In a recent conversation with the Irish Times (https://www.irishtimes.com/news/politics/leo-varadkar-defends-vulture-funds-and-criticises-practices-of-irish-banks-1.3742477), Ireland’s Taoiseach (Prime Minister), Leo Varadkar, “has defended so-called vulture funds”, primarily U.S-originating buyers of distressed performing and non-performing mortgages, “stating that they are more effective at writing down debts than banks which “extend and pretend” rather than reaching settlements with homeowners.”

Mr Varadkar alleged that:

  • “…homeowners whose mortgages were sold off to such funds would be “no worse off” than those whose loans were owned by the banks.”
  • And, “he disagreed with the use of the term “vulture fund” and criticised the practices of our own banks.”
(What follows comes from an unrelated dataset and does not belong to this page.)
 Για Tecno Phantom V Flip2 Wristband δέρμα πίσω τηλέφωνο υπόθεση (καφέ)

A direct quote: “I’m always reluctant to use the term vulture funds because it is a political term. What we’re talking about here is investment banks, investment funds, finance houses, there are lots of different things and lots of different financial entities there and the term is used, vulture funds. But you’ll know from the numbers that they’re often better at write-downs of loans than our own banks. Our own banks tend to ‘extend and pretend’ rather than coming to settlements with people.”
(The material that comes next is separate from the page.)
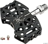 Tioga Spyder Platform pedals use a spider pattern that provides structural integrity while minimizing weight. The Spyder pedals provide narrow width and super low profile for optimal maneuverability for navigating through cityscapes, but combined with longer length for better stability and large platform comfort.Narrow profileCartridge bearingsNarrow profileChromoly axle with sealed bearings6061 T-6 CNC alloy bodyIncludes flat topped traction pinsItem SpecificationsColorBlackWeight240gIntended UseMountainMaterialAluminumPedal Spindle9/16"Spindle MaterialChromolyPedal TypePlatformDefined ColorBlack

Let’s deal with Mr. Varadkar’s claims and statements:


1) Is ‘vulture fund’ or VF a political term? 

The answer is no.

As a professor of finance, I use this term without any political context or value judgement. As do Investopedia, and the Corporate Finance Institute (CFI), along with a myriad of text books in finance and investment, as do the Wall Street, Bloomberg, Reuters, Wall Street Journal… In fact, all of the financial sector. For example, CFI defines VFs as “a subset of hedge funds that invest in distressed securities that have a high chance of default”. So, Mr. Toaiseach, the term ‘vulture fund’ is a precisely defined concept in traditional, mainstream finance. It is not a political term and it is not a term of ethical value assigned to a specific undertaking. In fact, as a finance practitioner and academic, I see both positive and negative functions of the VFs in the markets and society at large. Just as a biologist would identify positive aspects of the vulture species in natural environment.

Vulture Funds are invested in and often operated by ‘different financial entities’, including ‘investment banks’. They are a form of ‘investment funds’ when they are stand-alone undertakings. Which covers the entirety of the Taoiseach’s argument on this.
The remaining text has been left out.